Tip: vertex meshes can be converted to point clouds using the Geometry Nodes > Mesh to Points Node.

When loading 100M particles in the scene through Python, the majority of the time spent is within the Mesh.from_pydata() method. Reading the points from SSD and then extracting the binary data is relatively quick compared to the from_pydata call. For a viewport preview, I would suggest loading a small subset of particles to keep the loading times down.

During render, the initialization stage before the actual GPU render begins can take a significant amount of time when there are many particles. You may often spend more time on initialization compared to the GPU render. Rendering with motion blur can add extra time for loading (extra 3D velocity vector to load) and initialization.

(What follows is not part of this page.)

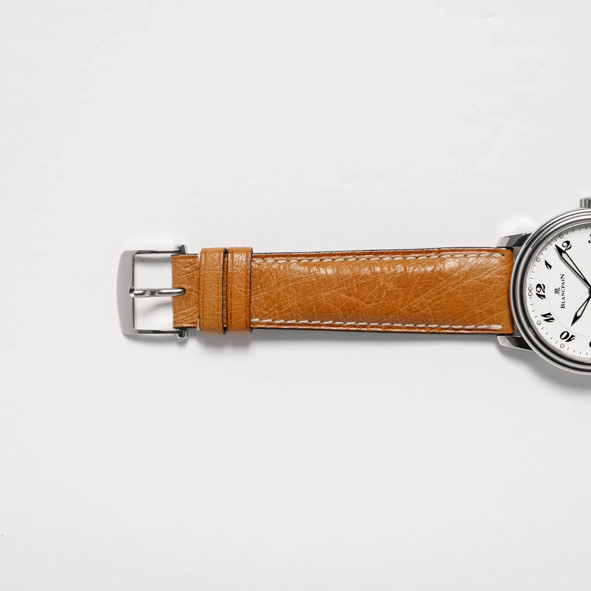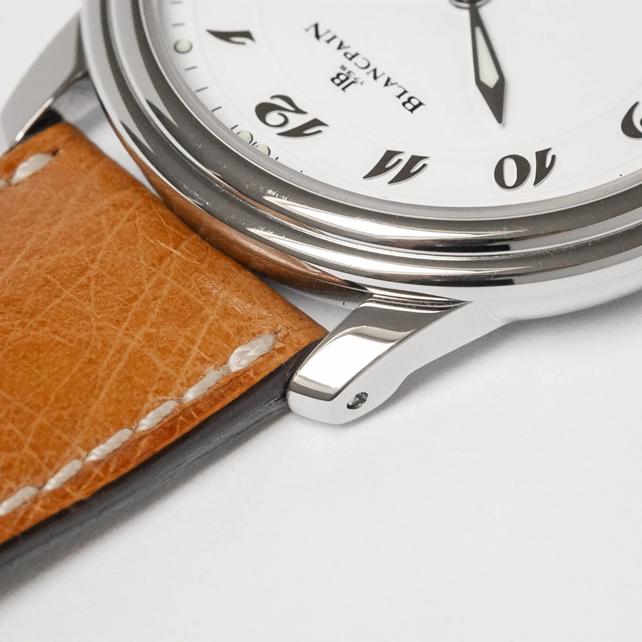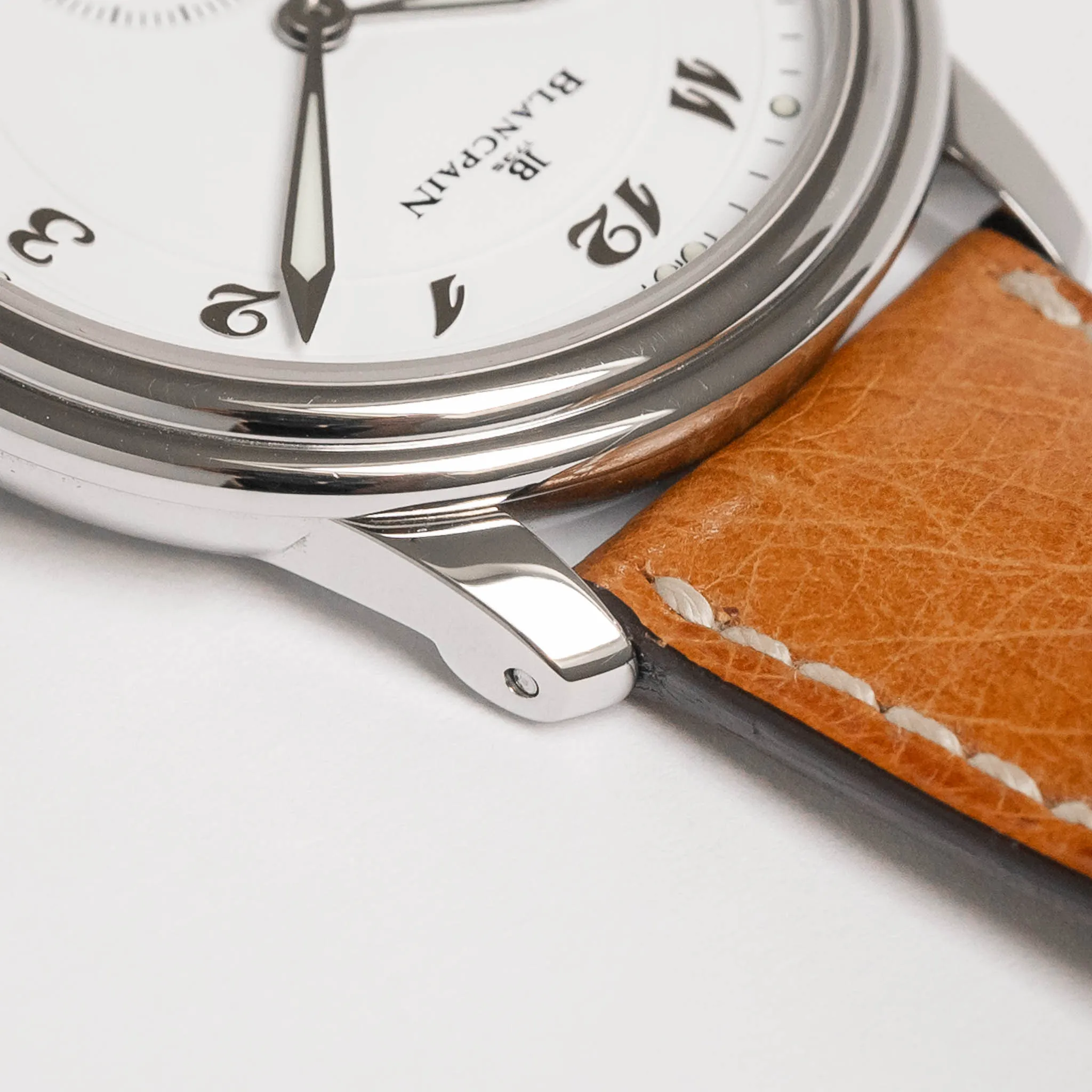 Bracelet/Strap: The Blancpain tan calfskin strap is in excellent condition with minimal signs of use. The leather backing shows darkening and faint creasing, but nothing major outside of that. The condition of the Blancpain-signed buckle is consistent with the rest of the case.
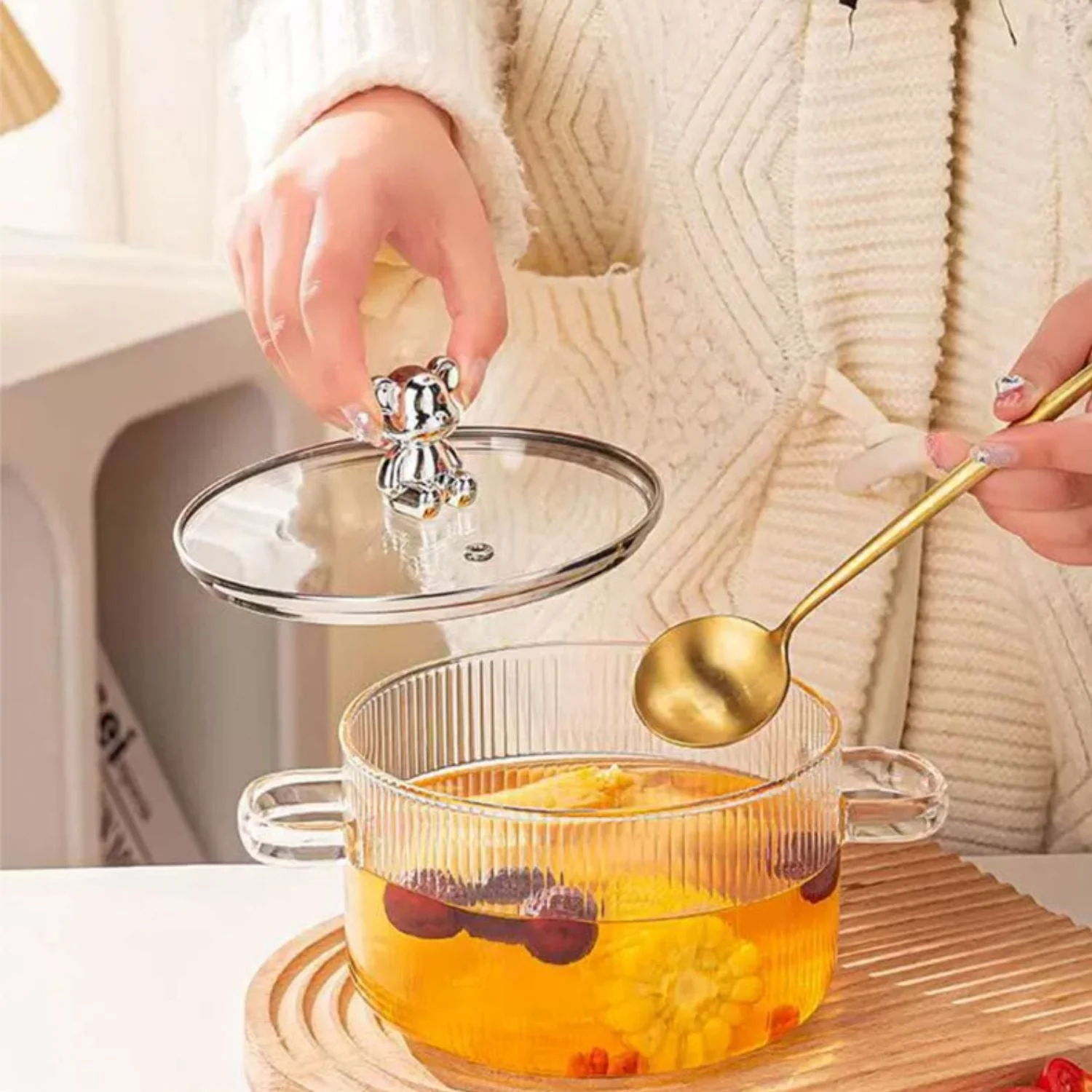 Dale un toque de sofisticación y ternura a tu cocina con nuestra olla de vidrio. Su cuerpo estriado y transparente no solo permite vigilar tus preparaciones en todo momento, sino que transforma cualquier receta en una experiencia visual increíble.

Here’s a quick loading and render initialization test of 100M particles on an Intel i9-13900K CPU and RTX 4090GPU:

Without motion blur:
Particle Load: 1m31s, ~16 GB RAM
Render Initialization: 22s, Peak 6.1GB VRAM
Time before render begins: 1m53s

With motion blur:
Particle Load: 1m43s, ~24.8 GB RAM
Render Initialization: 4m18s, Peak 9.4 GB VRAM
Time before render begins: 6m01s

If you have a large amount of RAM/VRAM, something that can help maximize resource usage is to launch multiple render instances to work on different frames at the same time. This way, the CPU can work on initializing multiple frames at once. As far as I can tell, the initialization stage is largely single-threaded. However, this won’t be useful if you’re using all of your RAM/VRAM for a single frame.

Hope this info helps!

Aswesome contribution. Specific and relevant, very much appreciated! Some expected patterns there, but especially render times and their parts are a very valuable bit of info, even though not all scenes are the same, I think we can infer some common ground and make educated assumptions.

So yes, this helps, at least in my process of figuring out a valid way forward. Thanks again !!

This post was flagged by the community and is temporarily hidden.

The topic of Blender needing an improvements to handle complex setups (in both of scene/rig configuration, but also handle high-poly meshes and point-clouds) is known by the developers. The reasons why they are not handle as quickly as one would hope comes from the developer time availability and prioritisation of topics for the small team of developers.

This forum is for communication about Blender development in terms of contributing to the Blender project, and this discussion does not fall under this definition and is to happen somewhere else.

I’ll close this thread. You’re welcome to start a new one if you’ll be picking up some Blender development and contributing to it.